A logistic regression model was fit to the data, modelling the risk of fever as a continuous function of the parasite density. The model was of the form \({\text{logit}}\left( {\pi_{i} } \right) = \alpha + f\left( {x_{i} } \right)\) where \(\pi_{i}\) is the probability that observation \(i\) with parasite density \(x_{i}\) is a (fever) case. Along with \(f\left( {x_{i} } \right) = \beta x_{i}^{\tau }\), a smooth monotonic function of \(x^{\tau }\) where \(\tau\) is the power transformation of the parasite density. This power function \(\tau\) was tested at different values between 0.10 and 0.90 with a precision of 0.01 and the value that maximized the log-likelihood best was chosen. The malaria attributable fraction (MAF),\(\lambda\), was estimated using the slope coefficient of the logistic regression; \(\lambda = \left( {{1 \mathord{\left/ {\vphantom {1 N}} \right. \kern-\nulldelimiterspace} N}} \right){{\sum\limits_{1}^{i} {\left( {R_{i} - 1} \right)} } \mathord{\left/ {\vphantom {{\sum\limits_{1}^{i} {\left( {R_{i} - 1} \right)} } {R_{i} }}} \right. \kern-\nulldelimiterspace} {R_{i} }}\) where \(R_{i} = \exp \left[ {f\left( {x_{i} } \right)} \right]\) and the standard error was estimated using the bootstrap approach with 1000 bootstrap samples [1].

Bayesian latent class

For the Bayesian latent class model, the parasite density was resolved to a mixture of two multinomial distributions.
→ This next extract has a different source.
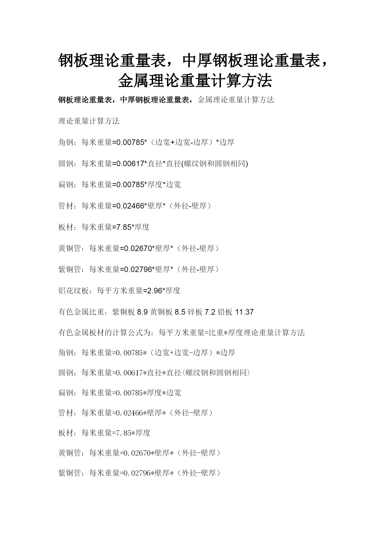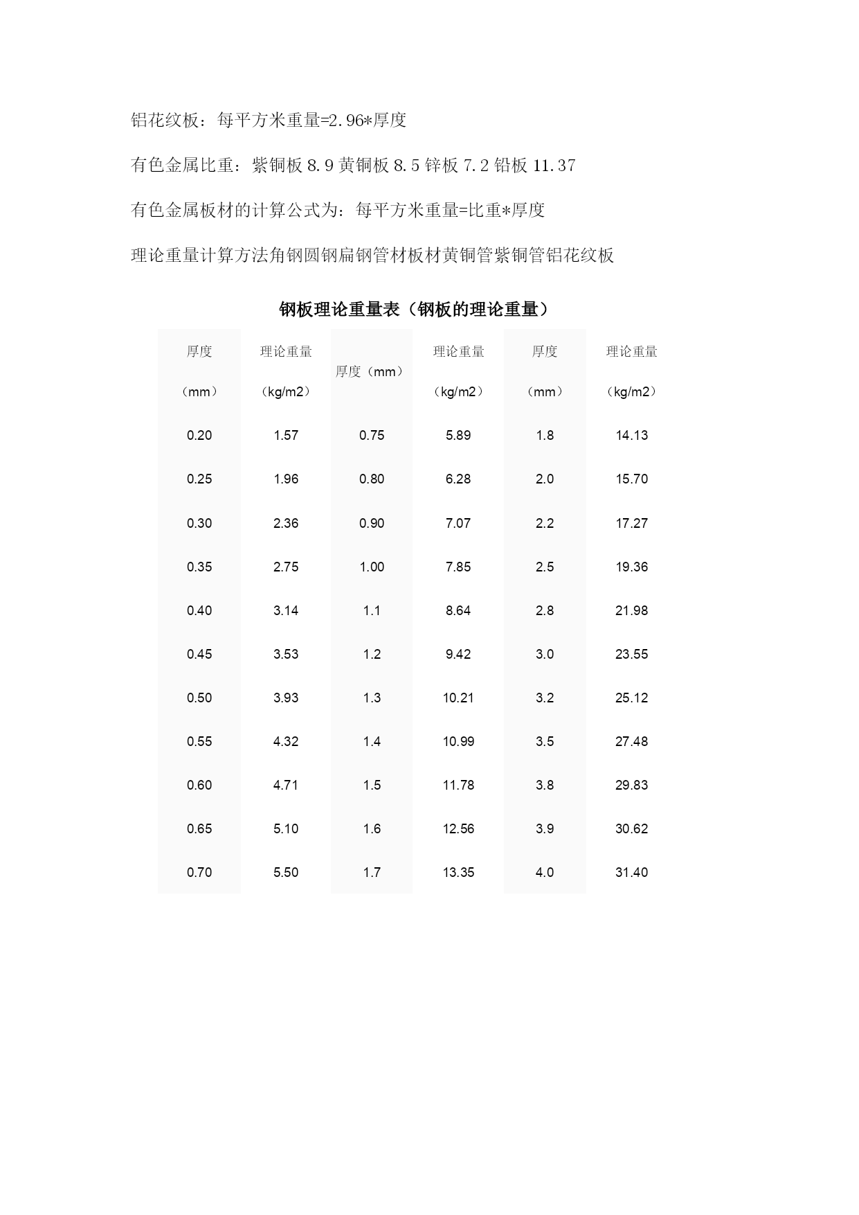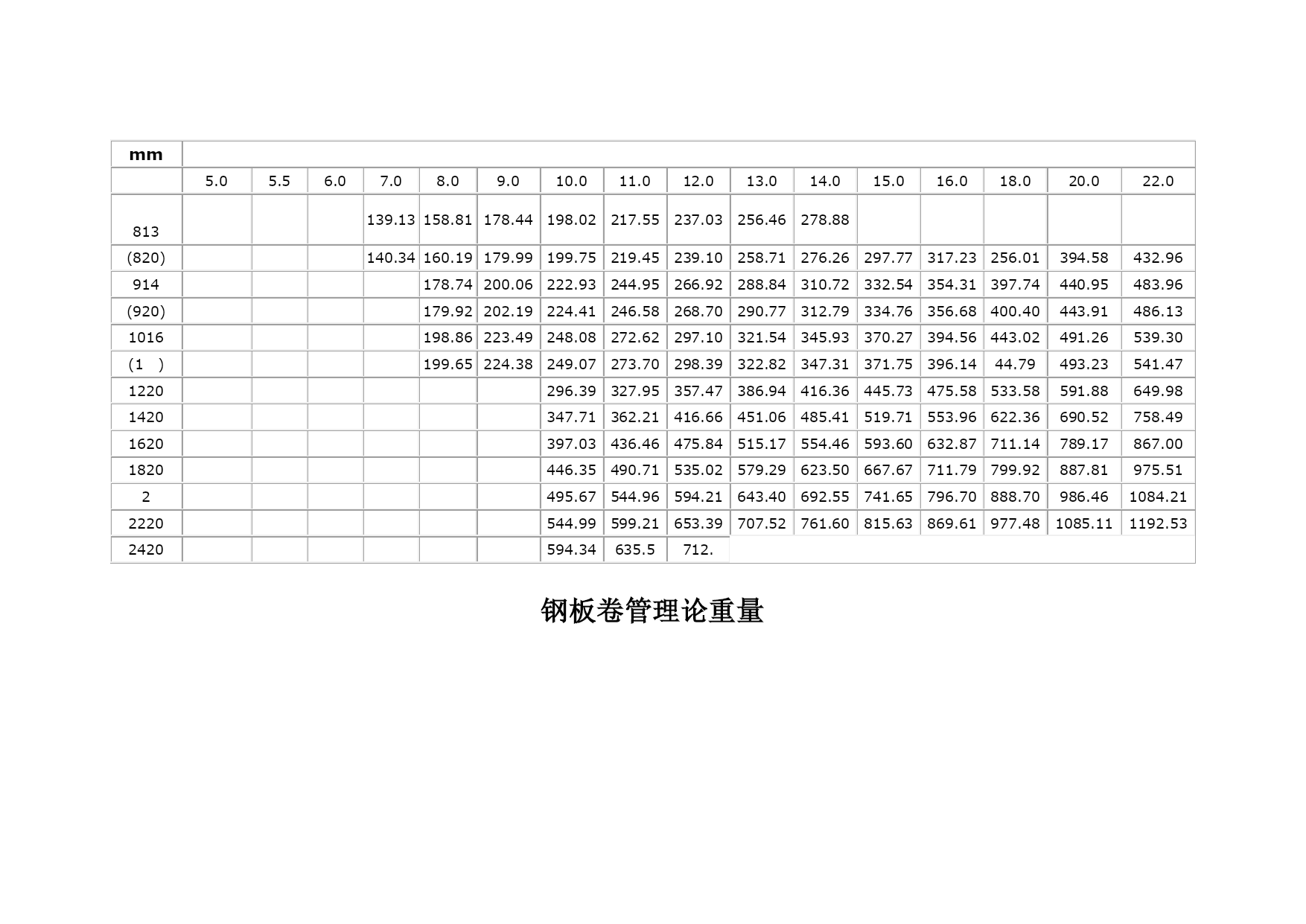 钢板卷管理论重量表优质资料(可以直接使用,可编辑优质资料,欢迎下载)钢板卷管理论重量表公称外径mm公称壁厚mm5.05.56.07.08.09.010.011.012.013.014.015.016.018.020.022.027333.0436.2839.5145.92323.939.3243.1847.0454.7062.3269.89(325)39.4643.3347.2654.9062.5470.13355.643.2347.4851.7360.1868.5776.92(377)45.8850.3954.8963.8772.8081.67406.449.4454.3259.2468.9478.6088.2097.75(426)51.9157.0362.1472.3382.4692.55102.5945755.7361.2466.7377.6988.5899.43110.23120.98131.60142.3450874.2886.4898.64110.75122.81134.82146.78158.69(529)77.3890.11102.78115.41127.99140.51152.99165.42(559)81.8295.29108.70122.07135.38148.65161.87175.0461089.37104.09118.76133.39147.96162.48176.96191.39(630)92.33107.54122.71137.82152.89167.91182.88197.80(660)96.77112.72128.63144.48160.29176.05191.76207.42711104.31121.52138.69155.80172.87189.88206.85223.76(720)105.64123.08140.46157.80175.09192.32209.51226.65(762)130.33148.75167.12185.44203.72221.94240.11258.24公称外径mm公称壁厚mm5.05.56.07.08.09.010.011.012.013.014.015.016.018.020.022.0813139.13158.81178.44198.02217.55237.03256.46278.88(820)140.34160.19179.99199.75219.45239.10258.71276.26297.77317.23256.01394.58432.96914178.74200.06222.93244.95266.92288.84310.72332.54354.31397.74440.95483.96(920)179.92202.19224.41246.58268.70290.77312.79334.76356.68400.40443.91486.131016198.86223.49248.08272.62297.10321.54345.93370.27394.56443.02491.26539.30(1)199.65224.38249.07273.70298.39322.82347.31371.75396.1444.79493.23541.471220296.39327.95357.47386.94416.36445.73475.58533.58591.88649.981420347.71362.21416.66451.06485.41519.71553.96622.36690.52758.491620397.03436.46475.84515.17554.46593.60632.87711.14789.17867.001820446.35490.71535.02579.29623.50667.67711.79799.92887.81975.512495.67544.96594.21643.40692.55741.65796.70888.70986.461084.212220544.99599.21653.39707.52761.60815.63869.61977.481085.111192.532420594.34635.5712.钢板卷管理论重量钢板理论重量表,中厚钢板理论重量表,金属理论重量计算方法钢板理论重量表,中厚钢板理论重量表,金属理论重量计算方法理论重量计算方法角钢:每米重量=0.00785*(边宽+边宽-边厚)*边厚圆钢:每米重量=0.00617*直径*直径(螺纹钢和圆钢相同)扁钢:每米重量=0.00785*厚度*边宽管材:每米重量=0.02466*壁厚*(外径-壁厚)板材:每米重量=7.85*厚度黄铜管

One component \(g_{1} (.)\) corresponds to non-malaria fever episodes and the other component, \(g_{2} (.)\) to children with clinical malaria episodes (fever and parasites). Parasite levels during the cross-sectional bleed were available and were used as the training sample, i.e., a sample that comes from the component of the mixture corresponding to children without fever but who may have parasites. The data was then divided into \(K\) ordered categories over the range of the parasite density \({\mathbf{x}}\). This was followed by counting the of test samples \({\mathbf{n}} = \left( {n_{0} ,n_{1} ,...,n_{k - 1} } \right)\) and control samples (non-fever cases) \({\mathbf{m}} = \left( {m_{0} ,m_{1} ,...,m_{k - 1} } \right)\). Then the MAF,\(\lambda\), was then estimated from the two multinomial distributions,

$$\begin{gathered} \theta_{i} = P\left( {x \in {\text{ category i | }}P_{1} } \right), \hfill \\ \phi_{i} = P\left( {x \in {\text{ category i | }}P_{2} } \right), \hfill \\ \lambda = P\left( {x \in P_{2} } \right) \hfill \\ \end{gathered}$$

The parameters \(P_{1}\) and \(P_{2}\) are the distributions functions of the components \(g_{1} (.)\) and \(g_{2} (.)\) respectively. The category-specific attributable fractions were obtained using,

$$\lambda_{i} = P\left( {x \in P_{2} { | }x \, \in {\text{category i }}} \right) = \frac{{\lambda \phi_{i} }}{{\left( {1 - \lambda } \right)\theta_{i} + \lambda \phi_{i} }}.$$

To estimate the probability, \(\lambda_{ind}\), of each individual case of fever being attributable to malaria local and piece-wise cubic polynomial models were used. The models were fitted using category-specific MAF, \(\lambda_{c}\), together with the category-specific midpoint of parasite density. This was followed by predicting the individual \(\lambda_{ind}\) using their parasite density measurements from the results of various model fitting functions.

Sensitivity and specificity of various cut-off values for parasite density were estimated by \({\raise0.7ex\hbox{${n_{c} \lambda_{c} }$} \!\mathord{\left/ {\vphantom {{n_{c} \lambda_{c} } {N\lambda }}}\right.\kern-\nulldelimiterspace} \!\lower0.7ex\hbox{${N\lambda }$}}\) and \({\raise0.7ex\hbox{${1 - n_{c} \left( {1 - \lambda_{c} } \right)}$} \!\mathord{\left/ {\vphantom {{1 - n_{c} \left( {1 - \lambda_{c} } \right)} {N\left( {1 - \lambda } \right)}}}\right.\kern-\nulldelimiterspace} \!\lower0.7ex\hbox{${N\left( {1 - \lambda } \right)}$}}\) respectively where \(n_{c} = \sum\nolimits_{i = c}^{K} {n_{i} }\),\(\lambda_{c} = {\raise0.7ex\hbox{${\left( {\sum\nolimits_{i = c}^{K} {\lambda_{i} n_{i} } } \right)}$} \!\mathord{\left/ {\vphantom {{\left( {\sum\nolimits_{i = c}^{K} {\lambda_{i} n_{i} } } \right)} {n_{c} }}}\right.\kern-\nulldelimiterspace} \!\lower0.7ex\hbox{${n_{c} }$}}\), \(n_{i}\) the number of fever cases in the category \(i\) and \(c\) represents the parasite density category of which it is the selected cut-off in logistic regression or the lower bound for the category in latent class models. Specific to logistic estimation, cases were febrile children exceeding the selected cutoff and controls otherwise.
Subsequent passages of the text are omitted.